Except for images, print the whole listing verbatim.

* **Data segment**:
▼
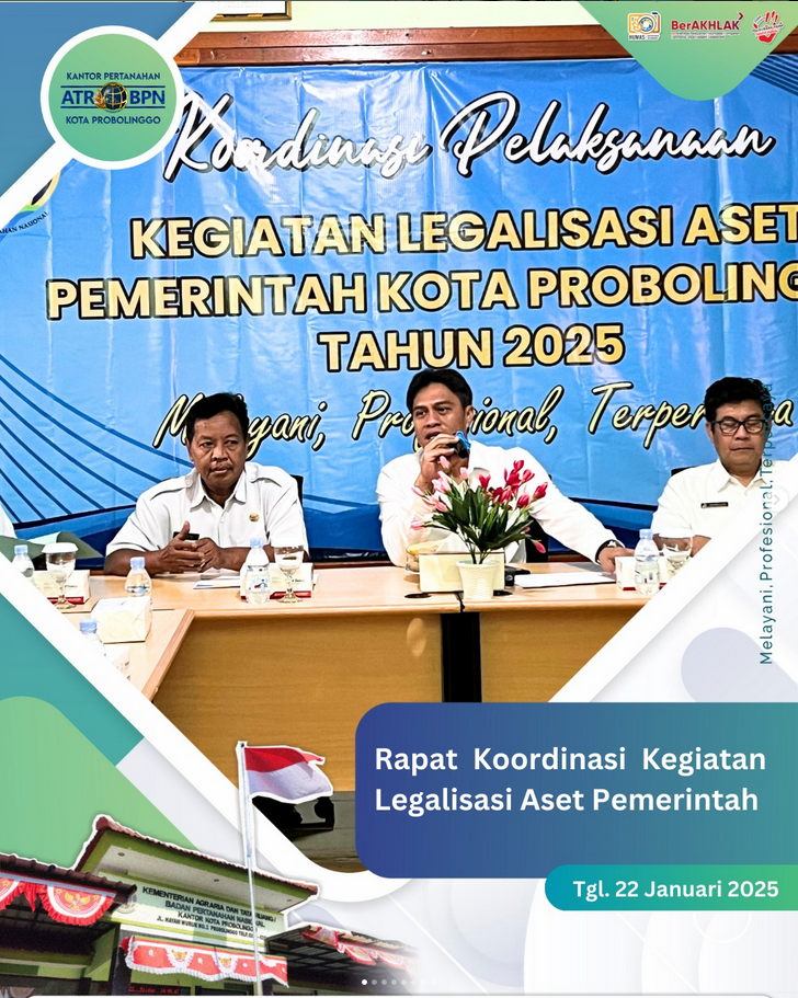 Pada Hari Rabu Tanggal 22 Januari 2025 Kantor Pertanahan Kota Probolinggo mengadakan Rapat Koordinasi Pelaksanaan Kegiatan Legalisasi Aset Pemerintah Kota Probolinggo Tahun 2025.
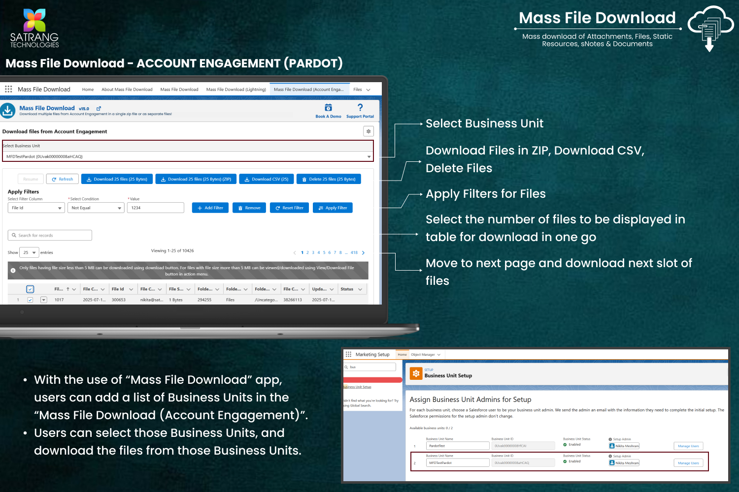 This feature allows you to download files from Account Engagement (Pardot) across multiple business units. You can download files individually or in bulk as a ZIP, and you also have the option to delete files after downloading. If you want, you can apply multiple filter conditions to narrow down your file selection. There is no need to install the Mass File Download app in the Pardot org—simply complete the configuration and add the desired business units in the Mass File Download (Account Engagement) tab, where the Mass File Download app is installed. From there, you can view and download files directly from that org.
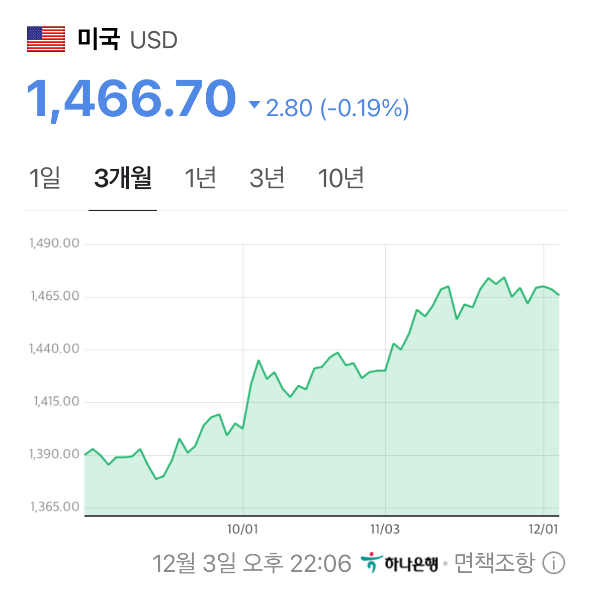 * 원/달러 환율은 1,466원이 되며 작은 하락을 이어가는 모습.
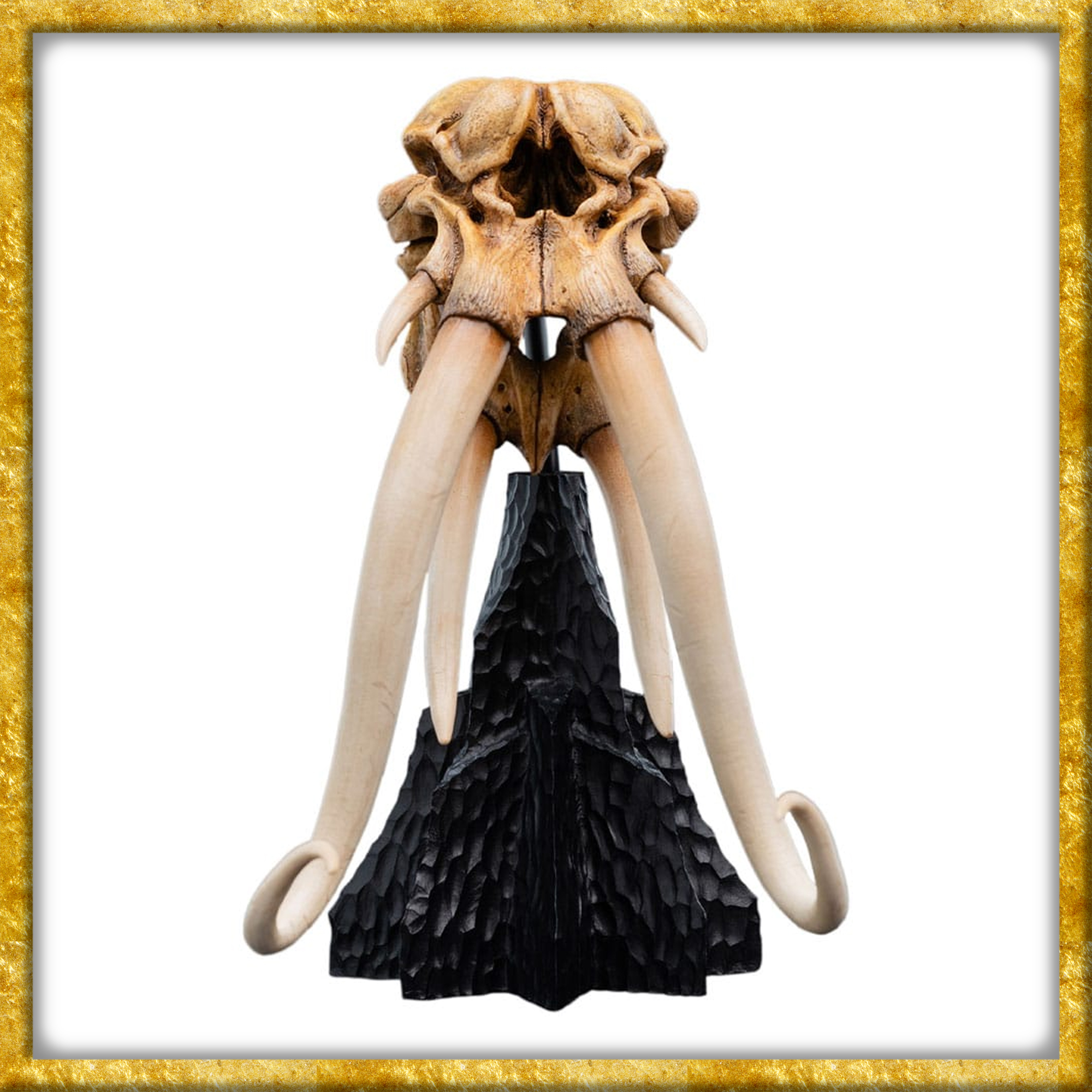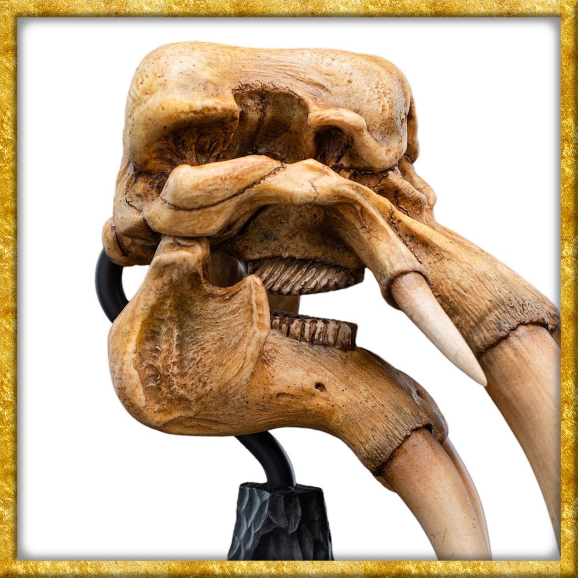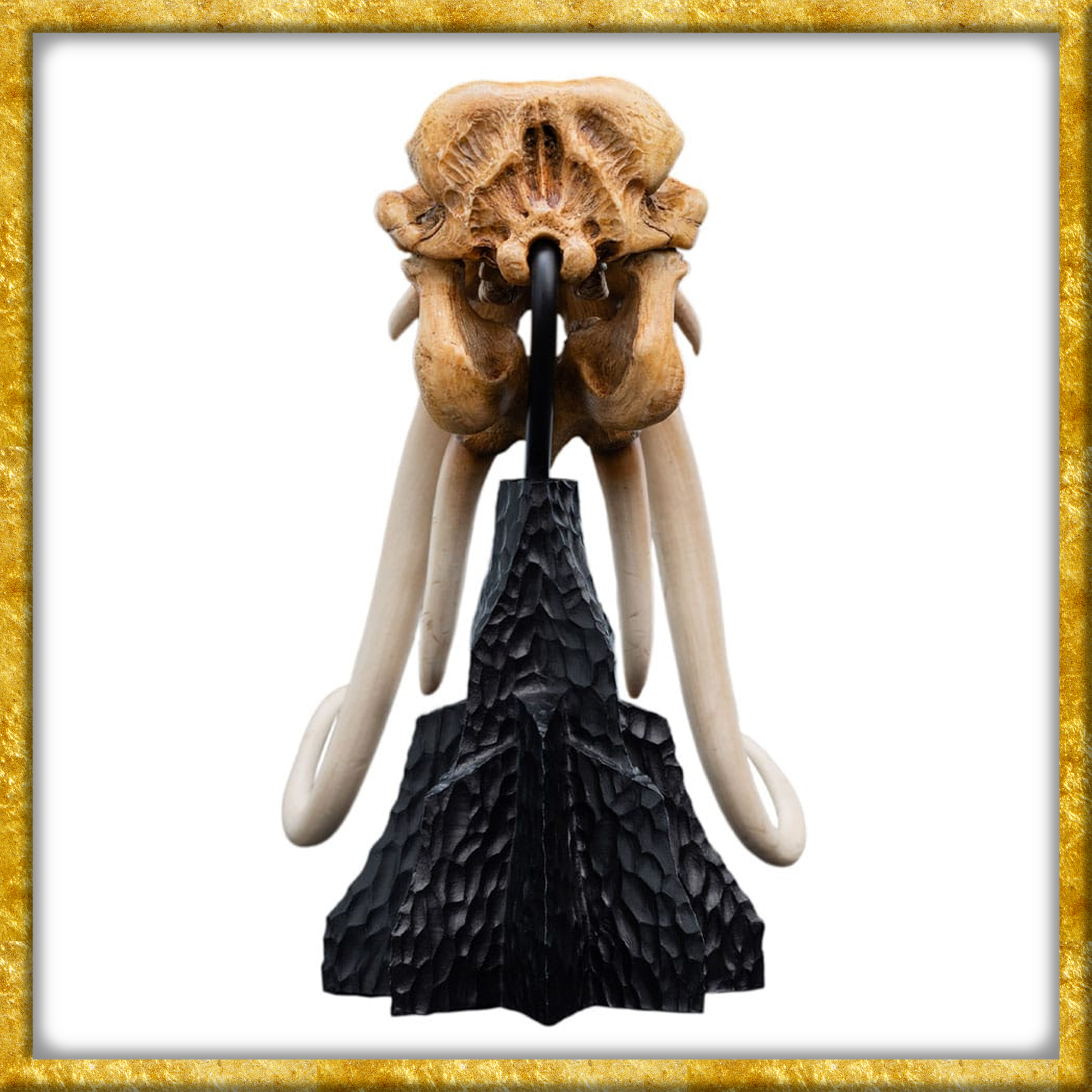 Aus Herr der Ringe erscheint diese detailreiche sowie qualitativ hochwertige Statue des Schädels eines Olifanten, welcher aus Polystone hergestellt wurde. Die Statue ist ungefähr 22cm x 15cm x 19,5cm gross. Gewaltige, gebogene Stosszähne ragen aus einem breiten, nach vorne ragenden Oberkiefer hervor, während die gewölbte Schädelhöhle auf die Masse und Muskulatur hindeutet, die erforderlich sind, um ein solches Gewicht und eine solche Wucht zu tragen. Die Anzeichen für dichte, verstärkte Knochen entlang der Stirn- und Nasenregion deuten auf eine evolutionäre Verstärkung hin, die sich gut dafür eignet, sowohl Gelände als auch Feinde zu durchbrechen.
▲
* **Written solution**:
 Pada Hari Rabu Tanggal 22 Januari 2025 Kantor Pertanahan Kota Probolinggo mengadakan Rapat Koordinasi Pelaksanaan Kegiatan Legalisasi Aset Pemerintah Kota Probolinggo Tahun 2025.
 This feature allows you to download files from Account Engagement (Pardot) across multiple business units. You can download files individually or in bulk as a ZIP, and you also have the option to delete files after downloading. If you want, you can apply multiple filter conditions to narrow down your file selection. There is no need to install the Mass File Download app in the Pardot org—simply complete the configuration and add the desired business units in the Mass File Download (Account Engagement) tab, where the Mass File Download app is installed. From there, you can view and download files directly from that org.
 * 원/달러 환율은 1,466원이 되며 작은 하락을 이어가는 모습.
 Aus Herr der Ringe erscheint diese detailreiche sowie qualitativ hochwertige Statue des Schädels eines Olifanten, welcher aus Polystone hergestellt wurde. Die Statue ist ungefähr 22cm x 15cm x 19,5cm gross. Gewaltige, gebogene Stosszähne ragen aus einem breiten, nach vorne ragenden Oberkiefer hervor, während die gewölbte Schädelhöhle auf die Masse und Muskulatur hindeutet, die erforderlich sind, um ein solches Gewicht und eine solche Wucht zu tragen. Die Anzeichen für dichte, verstärkte Knochen entlang der Stirn- und Nasenregion deuten auf eine evolutionäre Verstärkung hin, die sich gut dafür eignet, sowohl Gelände als auch Feinde zu durchbrechen.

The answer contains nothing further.